In a February 24 order (Release No. 34-104881), the SEC amended and restated an exemption under Section 17(h)(4) of the Securities Exchange Act of 1934, from the requirements of Rule 17h-1T and Rule 17h-2T, for additional broker-dealers with total assets of less than $1 billion and capital of less than $100 million.
The SEC described the latter Rule 17h-1T as requiring broker-dealers to maintain and preserve specified records, including an organizational chart covering the broker-dealer and its affiliates, policies and procedures for monitoring and controlling affiliate-related risks, descriptions of material pending legal and arbitration proceedings involving the broker-dealer or its affiliates, financial statements, and position records. Likewise, the SEC described Rule 17h-2T as requiring quarterly filing of Form 17-H with the SEC regarding certain affiliate information.

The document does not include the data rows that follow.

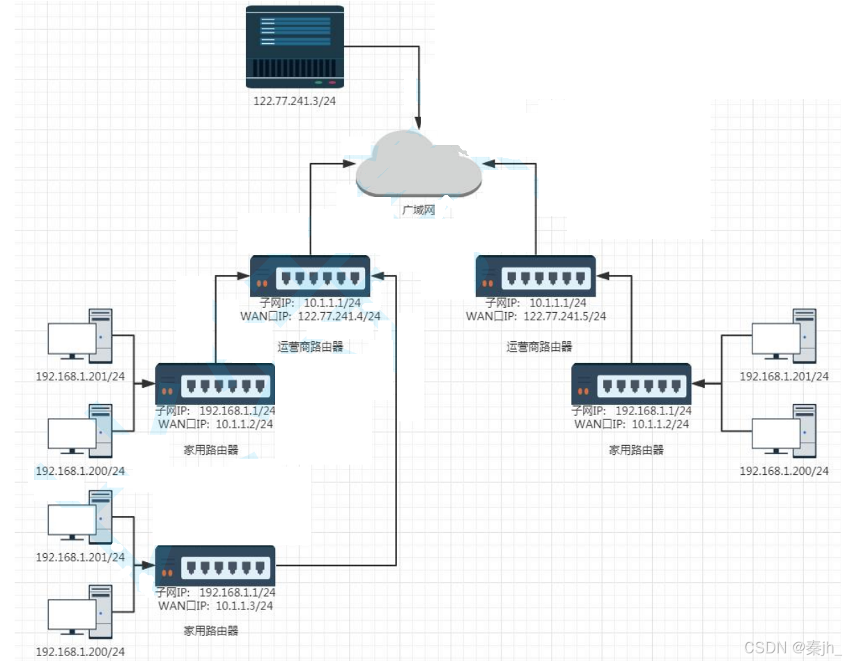 - 每一个家用路由器, 其实又作为运营商路由器的子网中的一个节点. 这样的运营商路由器可能会有很多级, 最外层的运营商路由器, WAN 口 IP 就是一个公网IP了.
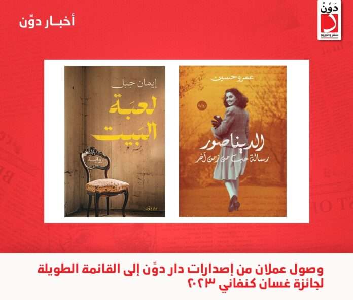 أعلنت وزارة الثقافة الفلسطينية، عن القائمة الطويلة لجائزة غسان كنفاني للرواية العربية في دورته الثانية للعام 2023، والتي وصل إليها كاتبان من دار دوّن للنشر والتوزيع، هما الكاتبة إيمان جبل عن روايتها “لعبة البيت” والكاتب عمرو حسين عن روايته “الديناصور”.
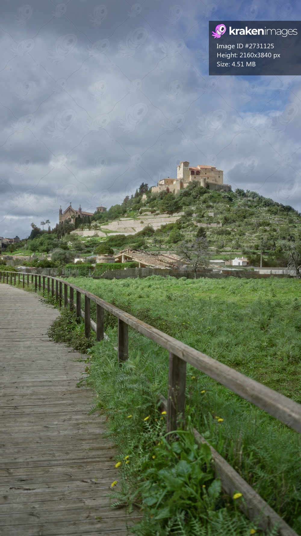 Path leading to a historic hilltop castle in arta, mallorca, surrounded by lush greenery and cloudy skies, showcasing mediterranean landscape and architecture. - Kraken Images
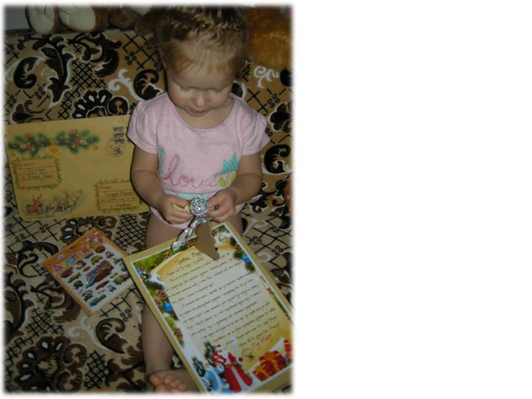 После сна мы обнаружили письмо от Деда Мороза в ящике почтовом, занялись его распаковыванием
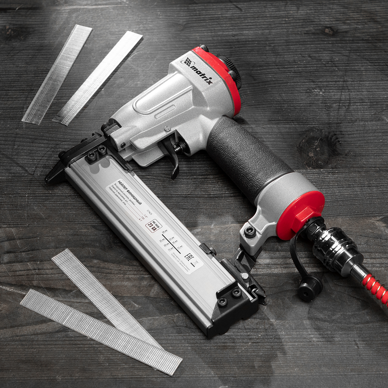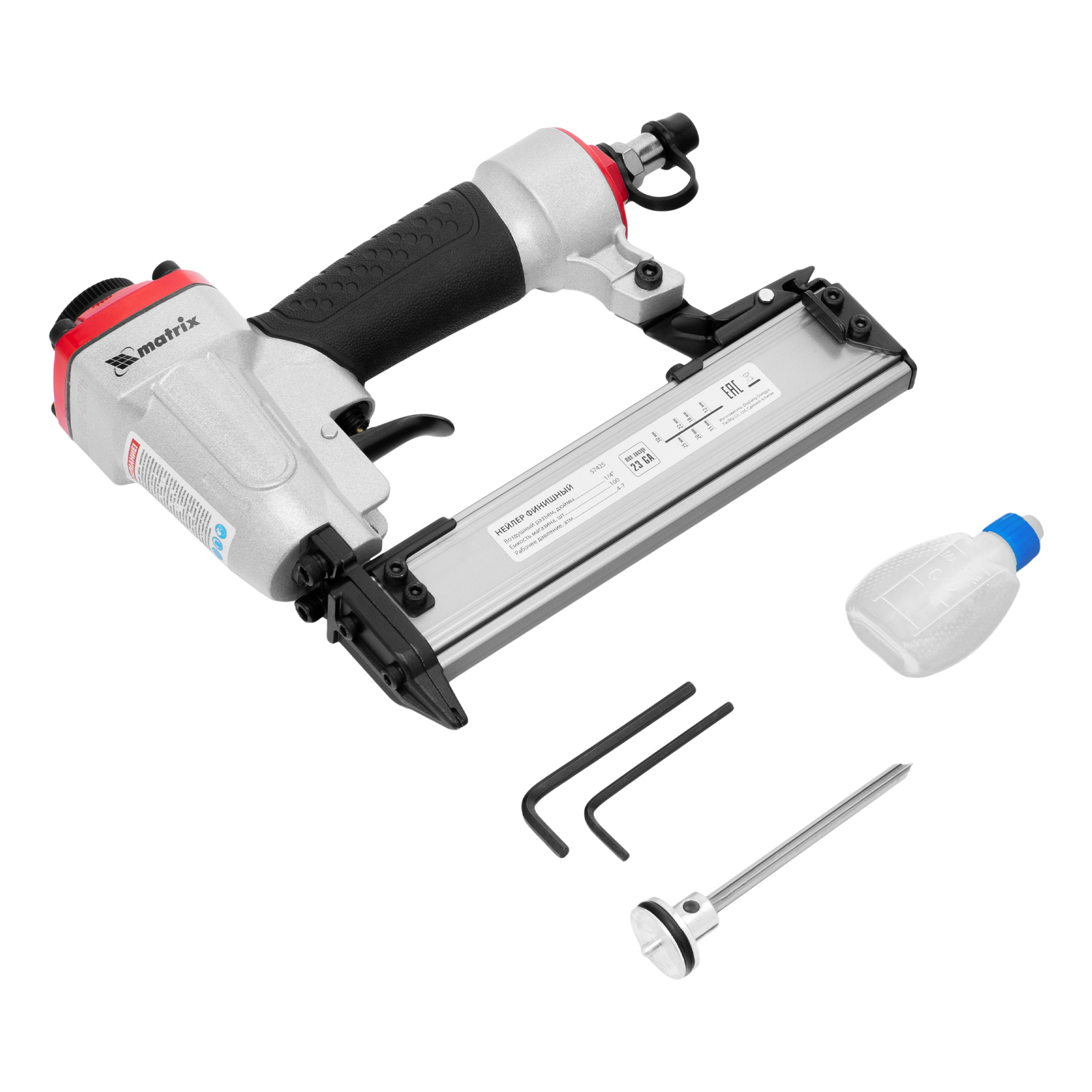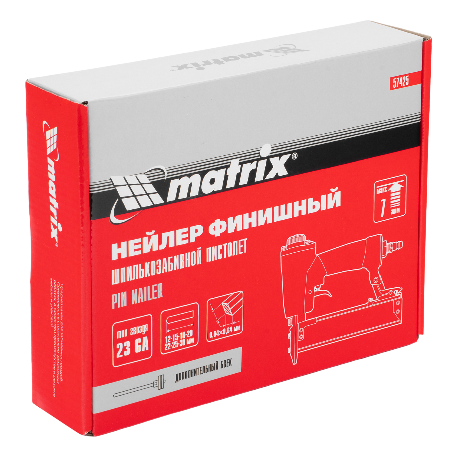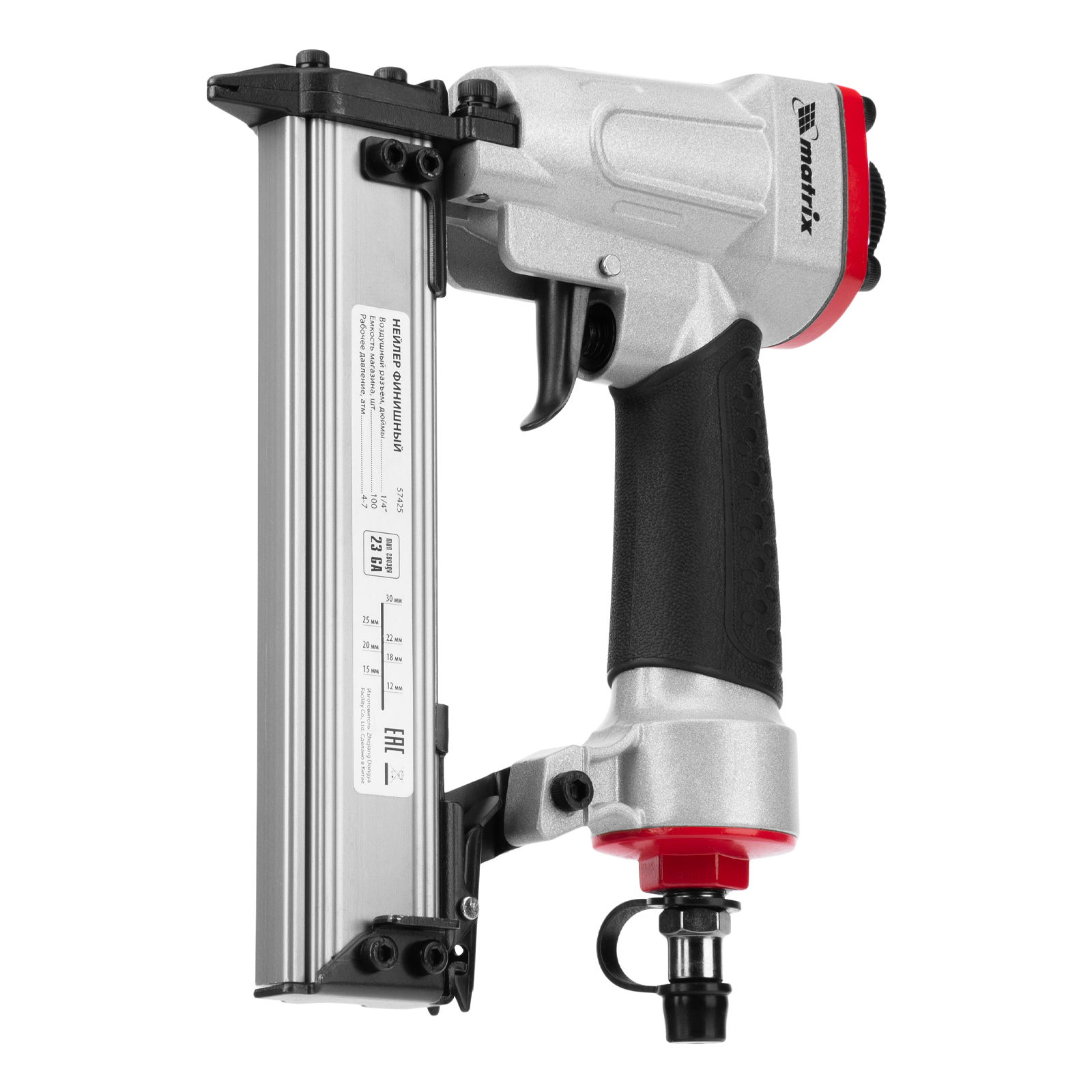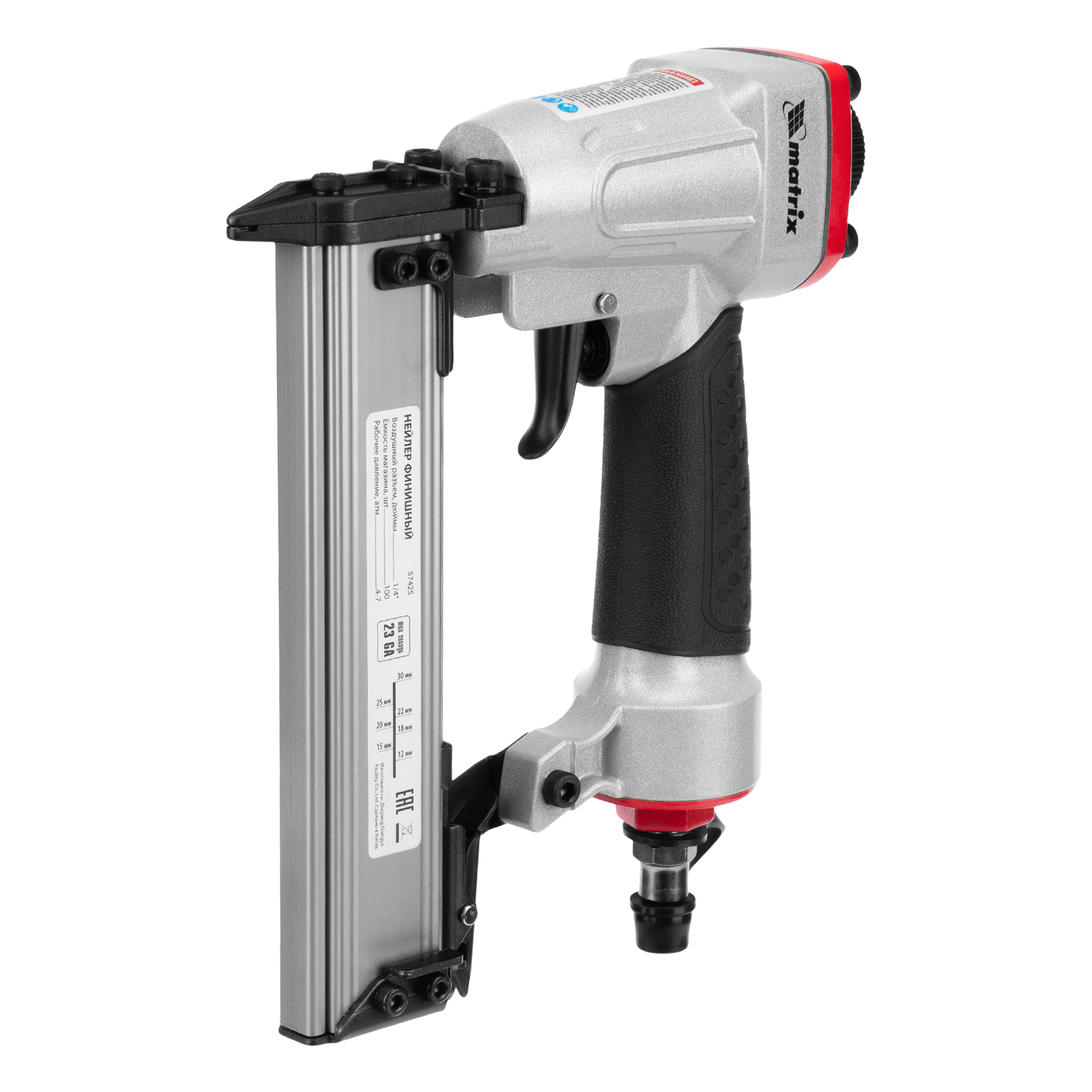 Пневматический финишный нейлер Matrix 57425 (шпилькозабивной пистолет) предназначен для забивания гвоздей 23GA диаметром 0,64 мм и длиной 10-30 мм. Он используется для финишной отделки, а также сборки мебели и производства упаковки. Благодаря низкому расходу воздуха 0,7 л/мин нейлер совместим с любым типом компрессоров.

The SEC stated that, under the February 24 order, a broker-dealer that does not hold or owe customer funds or securities and does not carry customer accounts (a “non-carrying broker-dealer”), or that is exempt from Rule 15c3-3 under paragraph (k)(2), is exempt from Rules 17h-1T and 17h-2T, as long as it maintains total assets of less than $1 billion (FOCUS Report line item 940) and capital of at least $20 million but less than $100 million (FOCUS Report line item 3530).
The SEC said the order raises the prior $50 million capital threshold to $100 million, while not altering the $1 billion total asset threshold. Additionally, the order supersedes and replaces the SEC’s June 29, 2020, exemptive order (published in the Federal Register on July 6, 2020) that had exempted certain non-carrying broker-dealers with capital greater than $20 million but less than $50 million.